Thirdly, the biocompatibility and biodegradability of injectable hydrogels are crucial factors for their successful translation to the clinic. Since most hydrogels are composed of chemically synthesized polymers via organic solvents or cross-linking agents, degradation of the polymer matrix may trigger an inflammatory response. Therefore, the possible immunogenicity caused by hydrogels is also an issue of concern. The short-term biocompatibility of hydrogels can be evaluated using animal models, but there is no guarantee that the long-term biocompatibility will be the same, and the long-term safety of composite hydrogels and additives is still an important issue of concern. Ensuring the safety and efficacy of injectable hydrogels in vivo is a critical step towards their clinical translation.

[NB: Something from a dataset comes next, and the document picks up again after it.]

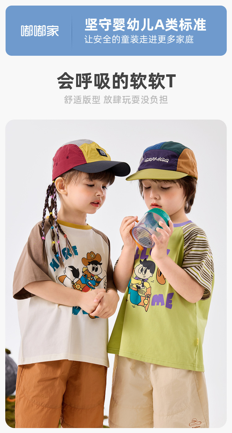 [7A抑菌]嘟嘟家儿童插肩袖T恤夏季男宝短袖上衣夏装女宝衣服童装

Finally, the clinical translation of injectable hydrogels for cancer therapy is hindered by regulatory and manufacturing challenges. The development and approval of medical devices, including injectable hydrogels, require compliance with rigorous regulatory standards and guidelines. These standards ensure the safety, efficacy, and quality of the hydrogels, but they also add complexity and time to the translation process. Additionally, the scale-up manufacturing of injectable hydrogels to meet the demands of large-scale clinical trials and commercialization poses significant challenges. Ensuring batch-to-batch consistency, reproducibility, and cost-effectiveness are key considerations for successful clinical translation.
In conclusion, although there are still many risks and challenges associated with the large-scale application of hydrogels in cancer therapy, they also offer several advantages and broader perspectives than conventional therapeutic agents (Fig. 9). Future attention will also be more focused on highly controlled and precisely tunable injectable hydrogel formulations as well as on the study of release kinetics and triggering conditions of different hydrogels.